- Associated Press - Wednesday, June 29, 2016

JACKSON, Miss. (AP) - Mississippi Gov. Phil Bryant has gotten lawmakers’ permission to pull tens of millions more dollars from financial reserves to cover deficits as the state budget year ends - but he got it only after a contentious House debate in which one Democrat called the budget a “hot mess.”

Meeting in special session, House members spent more than three hours bickering Wednesday before voting 72-38 for a bill the Senate had passed more easily the day before. Ten House members were absent or didn’t vote, and two seats are vacant. The vote was largely along party lines, with most Republicans in support and most Democrats in opposition.

Rep. Robert Johnson, D-Natchez, said the Republican supermajority has excluded Democrats from writing budgets and Republicans are shrinking government to the point that it’s hurting people’s lives. He warned that Mississippi is on track to have massive budget problems like Kansas and Louisiana.

“We’re going to give you a hot mess. You want it? You’re getting ready to have it,” Johnson said. “Sweat it out. Watch it go down in flames. … It won’t get corrected until everybody feels the pain.”

Senate Bill 2001 says that only for this budget year, which ends at midnight Thursday, the governor may withdraw more than $50 million from the state rainy day fund.

With state tax collections falling significantly behind expectations, Republican Bryant had already made two rounds of budget cuts and withdrawn $45 million from the rainy day fund earlier this year. The fund has a $349 million balance, and Republican legislative leaders said they expect Bryant will need to withdraw about another $60 million.

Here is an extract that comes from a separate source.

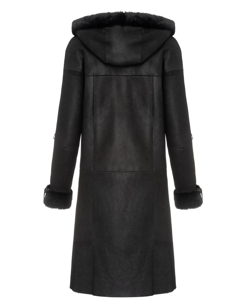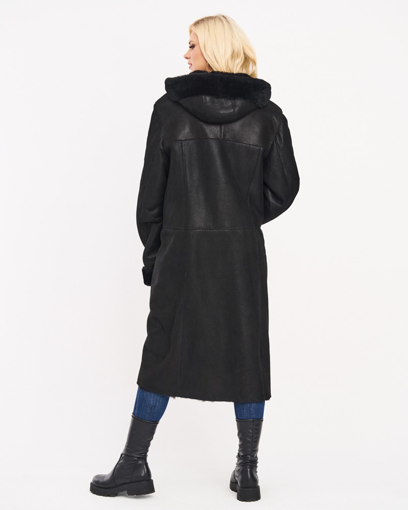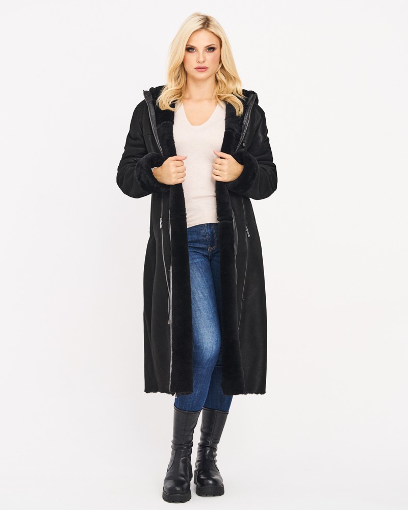 Kożuch damski Greta posiada prosty krój oraz długość przed kolano, dlatego doskonale układa się na każdym typie sylwetki. Model zapinany jest na wytrzymały, dwustronny zamek błyskawiczny, który znajduje się również przy funkcjonalnych kieszeniach i po bokach kożucha, umożliwiając swobodną regulację obwodu i dopasowanie go do swojej figury. Kożuch wyposażyliśmy też w ciepły kaptur z praktycznymi trokami rozkładający się na elegancki kołnierz oraz urocze, futerkowe mankiety obecne przy rękawach.

House Appropriations Committee Chairman Herb Frierson, R-Poplarville, said every budget is based on experts’ estimate of how much money the state might collect in taxes and fees in a given year.

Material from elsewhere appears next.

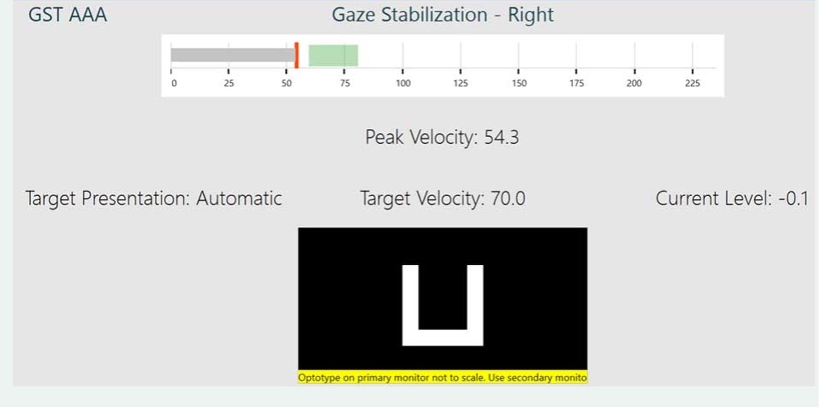 Der Test untersucht die Fähigkeit des vestibulären Systems, die Augen während Kopfbewegungen auf einen festen Punkt gerichtet zu halten. Er wird speziell zur Bewertung der Funktionalität des VOR eingesetzt, einem grundlegenden Reflex des vestibulären Systems, der es den Augen ermöglicht, auch bei Kopfbewegungen auf ein festes Ziel fokussiert zu bleiben. Der GST hilft zu bestimmen, ob das vestibuläre System ordnungsgemäß arbeitet, indem er beurteilt, wie stabil die Augen während Kopfbewegungen auf das Ziel gerichtet bleiben.

For the year that’s about to end, he said: “The estimate was wrong because we didn’t see some things going on in the economy.”

When Democrats asked whether tax cuts in recent years are to blame for the budget shortfall, Frierson said many of them had voted for the cuts. He also said many of them had voted for the current budget, which was adopted in the spring of 2015 - the final year of the previous four-year term.

“If you vote for an appropriation and the appropriation goes (in) disarray and you voted yes for it, you are as responsible for it as I am,” said Frierson, who is in his final days as a legislator. He becomes director of the state Department of Revenue when the new budget year begins Friday.